Braga precisou inventar um Éden em “Night Vision” porque a realidade de Belém estava longe de ser idílica. “A cidade foi ficando áspera do ponto de vista visual e humano”, diz. Em razão do aumento da violência, as pessoas reagiam com desconfiança quando ele as fotografava. O próprio artista, aliás, já foi assaltado enquanto trabalhava. “Fotografia e medo não rimam. Jamais seria um fotógrafo de guerra.”
A arquitetura também se transformou, dando espaço a prédios altos e espelhados. “A cidade ficou com cara de nada”, diz. “As cores do meu trabalho estão na cidade ribeirinha, na cidade cabocla. As fachadas e as roupas nesses espaços falam muito mais ao meu coração do que um arranha-céu com pele de vidro.”

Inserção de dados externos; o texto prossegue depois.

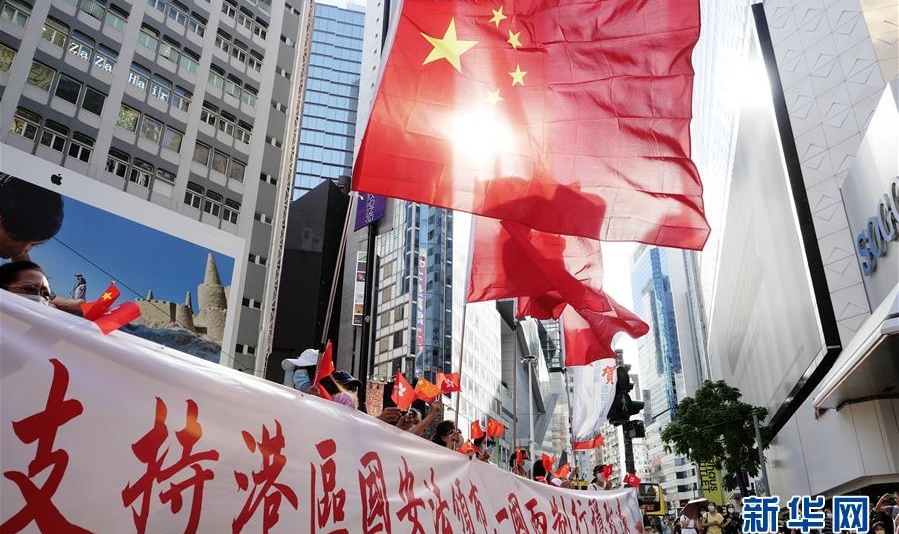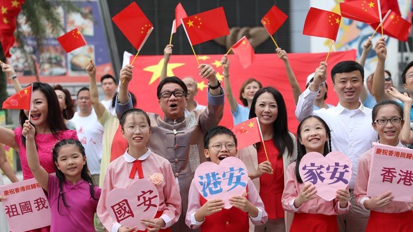 7月1日,香港市民在太平山頂廣場(chǎng)唱國(guó)歌。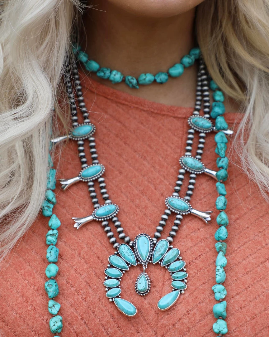 SKU: the-lace-cactus-7091575488689 Categories: Best Sellers, Jewelry, Necklaces Tags: Jan22, Jewelry, Necklace, Restock, Squash blossom, Squash necklace, Turquoise
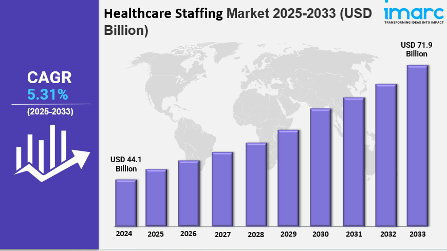 Global Healthcare Staffing Market Overview The global healthcare staffing market is on a robust growth trajectory, driven by an aging population, persistent shortages of healthcare professionals, the lasting impact of the COVID-19 pandemic, and evolving specialized care requirements. Valued at USD 44.1 Billion in 2024, the market is projected to reach USD 71.9 Billion by 2033, exhibiting a strong CAGR of 5.31% during 2025–2033. Growth is powered by rising healthcare demands, increasing reliance on flexible staffing models, technological advancements in workforce management, and growing adoption of telehealth and remote care solutions. Access In-Depth Market Intelligence — Download Your Free Sample Copy: https://www.imarcgroup.com/healthcare-staffing-market/requestsample Key Market Statistics at a Glance • Base Year: 2024 • Historical Years: 2019–2024 • Forecast Period: 2025–2033 • Market Size (2024): USD 44.1 Billion • Projected Size (2033): USD 71.9 Billion • Growth Rate: CAGR of 5.31% • Leading Region: North America (Largest market in 2024) Healthcare Staffing Market Growth Trends Aging Population and Increased Healthcare Demand With the growing aging population, there is a greater need for healthcare services due to age-related conditions and chronic illnesses. This leads to escalating demand for healthcare professionals, including physicians, nurses, and caregivers, to provide essential care and support. Consequently, healthcare organizations must continuously expand their workforce, resulting in sustained demand for healthcare staffing services. Ongoing Shortage of Healthcare Professionals As the demand for healthcare services continues to rise, there is a simultaneous shortage of qualified professionals, including nurses, physicians, and allied health workers. This shortage is fueled by retirements, career transitions, and geographic imbalances in the distribution of healthcare talent. To bridge this gap and ensure adequate staffing levels, healthcare organizations increasingly turn to specialized staffing agencies to fill temporary and permanent positions. Impact of the COVID-19 Pandemic The unprecedented demand for healthcare workers during the COVID-19 crisis created an urgent need for additional staffing resources. Hospitals, clinics, and healthcare facilities faced surges in patient volumes, requiring flexible staffing solutions to maintain operational continuity. The pandemic also underscored the importance of agile staffing models that can respond quickly to fluctuating demands and sudden workforce disruptions. Evolving Nature of Healthcare and Specialized Care Requirements The evolving nature of healthcare delivery, combined with technological advancements and growing demand for niche clinical expertise, has created a need for professionals with highly specialized skills. Healthcare staffing agencies play a critical role in sourcing these professionals to meet the specific requirements of hospitals, clinics, and long-term care facilities. Technological Advancements in Workforce Management The adoption of cloud-based technology platforms, telehealth solutions, and digital workforce management tools is transforming how healthcare staffing agencies recruit, place, and manage professionals. These innovations are improving efficiency, enhancing candidate matching, and expanding the geographic reach of staffing services. Get Customized Segmentation Intelligence — Speak Directly to Our Expert: https://www.imarcgroup.com/request?type=report&id=3909&flag=C Healthcare Staffing Industry Segmentation IMARC Group provides detailed segmentation analysis across service type categories, with forecasts at global, regional, and country levels for 2025–2033. Analysis by Service Type • Travel Nurse Staffing — Leading Segment Travel nurse staffing dominates the market by providing a flexible solution for healthcare facilities facing critical staff shortages. Travel nurses are temporary professionals willing to relocate for short-term assignments, ensuring adequate staffing levels and uninterrupted patient care, especially in high-demand regions and during peak seasons. • Per Diem Nurse Staffing Per diem nurse staffing offers on-demand and flexible staffing solutions, allowing healthcare facilities to supplement their existing workforce during peak periods, staff vacations, or unexpected absences. This model provides agility in managing fluctuating patient volumes while minimizing overtime costs and maintaining quality care. • Locum Tenens Staffing Locum tenens physicians provide short-term coverage for healthcare facilities facing physician shortages or leave-related gaps. Locum tenens staffing agencies connect qualified physicians with healthcare organizations, ensuring continuity of patient care and helping facilities meet ongoing service demands until permanent recruitment is completed. • Allied Healthcare Staffing Allied healthcare staffing encompasses a broad range of non-physician clinical professionals, including therapists, medical technicians, and diagnostic specialists. This segment is experiencing steady growth as healthcare organizations seek specialized allied health talent to support expanding clinical programs and services. Regional Spotlight: Where Is Growth Concentrated? North America — Market Leader North America dominates the global healthcare staffing market, driven by high demand for healthcare professionals, an aging population, advanced healthcare infrastructure, and significant healthcare expenditure. The United States, in particular, is the largest contributor to regional growth, supported by major staffing agencies, robust hospital networks, and persistent clinical workforce shortages. Europe — Universal Healthcare Systems Driving Demand In Europe, the healthcare staffing market is driven by aging demographics, growing healthcare demands, and cross-border mobility of healthcare professionals. The region's emphasis on quality univ

Braga decidiu então iniciar um projeto fotográfico na Ilha de Marajó, onde conseguiu recuperar um pouco da Belém de sua juventude. Ele diz que a incursão ao território marajoara ensinou a importância de ouvir o que a população local tem a dizer. “Riqueza para mim são as histórias. É ser recebido pela dona Maroca e ficar conversando fiado. É tomar o melhor tacacá do mundo. Isso não tem preço”, diz. “Muita gente até diz que eu não sei ganhar dinheiro. Na realidade, prefiro saber fotografar.”